It's the season of Advent - waiting for the Messiah - who shows up as a baby, born to a virgin in one of the most unexpected places a stable. So why shouldn't I expect the unexpected?
My social worker called me Friday afternoon to ask if I would consider an emergency placement of sisters aged three and five years old, they need a foster-to-adopt placement before Christmas? Oh my goodness? I had just wrapped my brain around not hearing anything until at least January.
In an effort not to miss out on God's unexpected plans for my life, I said....ummmm....OK. So tomorrow I will be meeting with my social worker, the girls' social worker and guardian ad litem to discuss this opportunity and whether or not it is a good fit for all of us?
My sister told Syd on Friday night.

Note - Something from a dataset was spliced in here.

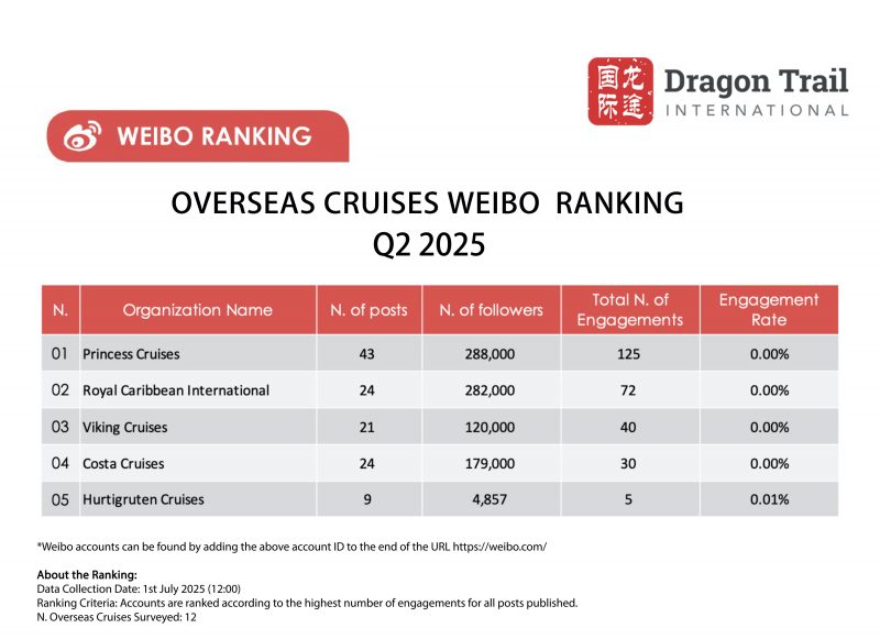 Cruise accounts continued to generate very low engagement in Q2 2025, similar to Q1, with the most-liked post receiving only 43 likes. The active accounts remain unchanged from the previous quarter, with Princess Cruises leading in both activity and engagement. Its top two most-liked posts were both fan giveaways, offering up to $600 in onboard credit and up to $500 in instant savings. Other posts mainly consisted of videos highlighting cruise facilities, onboard activities, room tours, and promotional content featuring celebrities and influencers. While fan giveaways and celebrity-related content often perform well in categories such as NTOs or DMOs, cruise accounts on Weibo still underperform significantly in comparison.

On Saturday am when I came downstairs she wanted to talk to me. "Auntie, you won't have time for me anymore if you adopt these girls. And I don't know anything about being a big sister." As she told me these things she burst into tears. Heartbreaking. We talked about this for awhile and I reassured her that I will always make time for her.
I have spent the weekend flipping back and forth between sheer excitement to have two little girls to celebrate Christmas with and sheer terror at the same prospect - not at the being a mom part, but being ready in just a few short days! Ack!

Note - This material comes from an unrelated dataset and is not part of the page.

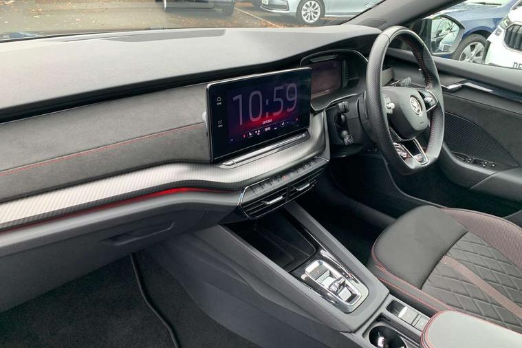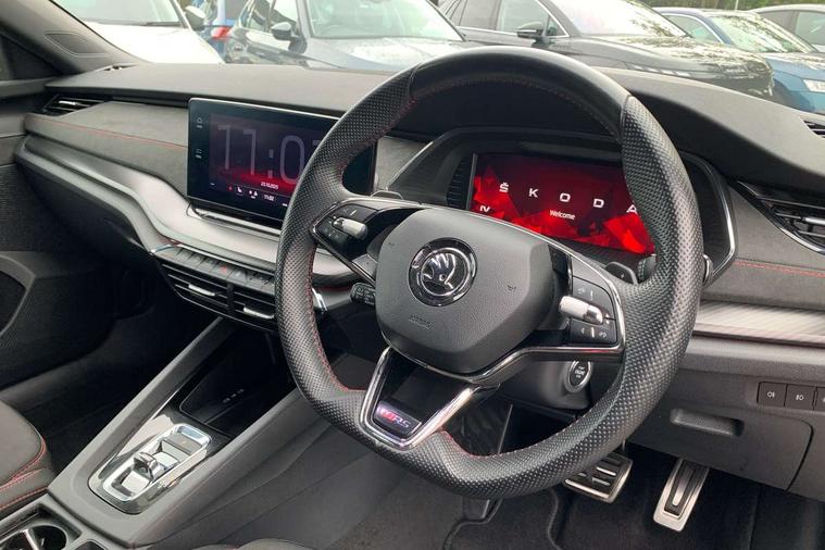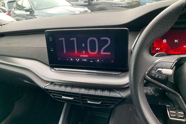 1x USB Type C port in rear view mirror (charging only), 2x USB Type C ports in rear of front centre armrest (charging only), Bluetooth system, Columbus satellite navigation with 10" touchscreen display, Driver fatigue sensor, E mode button for electric/hybrid drive, eCall emergency system, Front and rear parking sensors with manoeuvre assist, Front assist system, Progressive dynamic steering, Smartlink (includes android auto and mirrorlink), Speed limiter, Turn Assist, Unique iV instrument panel, Virtual Cockpit - 10.25" digital display, Voice control system, Wireless SmartLink for Apple Car Play, 10 amp mains UK 3 pin charge cable mode 2, 16 amp AC charge cable for wallbox/charge points mode 3, E-noise generator for electric drive with noise emitted upto speed of 50km/h, Front and rear stabilizers, 2x USB Type C ports (for charging and data transfer), 8 Speakers, DAB Digital radio, Aero front windscreen wipers with intermittent function, Auto dimming rear view mirror, Black roof rails, Body colour door handles, Chrome exhaust tailpipes, Door sills with vRS logo, Electric front and rear windows, Exterior gloss black sports styling including front grille, side strip, window surrounds, door mirror and badging, Full LED Matrix headlights with AFS and cornering front fog lights, Headlight washers, Heated rear windscreen, High level third brake light, Ice scraper in fuel cap, LED daytime running lights, Rain and light sensors, Rear fog light on one side, Rear privacy glass, Rear side wing doors, Rear spoiler, Rear window wiper, Unique iV badge on tailgate, 3 seat bench in 2nd row, 4 foldable roof handles, Aluminium pedals, Black headlining, Black microsuede padded dash panel with red contrast stitching, Charging socket cover on front left fender, Chrome inner door handles, Front centre armrest, Front head restraints, Heated front seats, Illuminated glovebox, Leather trimmed gearshift lever, Luggage compartment lighting with two side lamps, Mechanical rear seat release, Parcel shelf - rolling, Single front passenger seat, Sport button for hybrid drive delivering maximum system performance, Storage compartment for charging cables under the luggage compartment mat, Sunglasses storage, Textile floor mat set, Three spoke leather sports multifunction steering wheel with paddles, Ticket holder, Umbrella in door panel, Unsplit rear bench seat and split folding backrest, LED interior light pack - Octavia, 3 point front/outer rear seatbelts+pre-tensioners, Alarm with interior monitoring, tilt sensor and back up horn, Automatic door unlocking in case of crash, Automatic fuel cut off in case of crash, Automatic warning lights in case of emergency braking, Curtain airbags and front side airbags, Driver and front passenger airbags, Drivers knee airbag, Electronic parking brake, Emergency call and proactive services, ESC including ABS, EBV, MSR, ASR, EDS, HBA, DSR, Front and rear disc brakes, Front central airbag, Hill hold control, Hill start assist, ISOFIX on front passenger seat and outer rear seats, Manual rear child locks, Passenger airbag deactivate switch, Red brake calipers, Two tone horn, Tyre pressure monitor, Visual and acoustic seat belt reminder, Warning reflectors in front door, Door locks with immobiliser, Keyless entry and start/stop including rear doors, Remote central locking, Carbon optic decorative inserts, Gloss black air vent surrounds, Unique decorative door sills front and rear, 19" Altair anthracite alloy wheels, Tyre repair kit,

I am a mess of conflicting emotions and thoughts. Praying continually, and trying to remain open to whatever God might have in mind.
When I got home this afternoon from lunch with a friend, hanging on my door were two of Syd's favorite dresses that don't fit her anymore, with a note pinned to them...."Auntie, do you think the five year old might like this dress?" signed Sydney. What a sweetie!
Just a few minutes ago Syd came into my room...."Auntie, I got over it." After she noticed my puzzled look she said, "I got over being scared that I don't know how to be a big sister."
Sigh.....God is at work. If you happen to think of me tomorrow at 11am please pray for wisdom, discernment and most importantly that God would make it clear!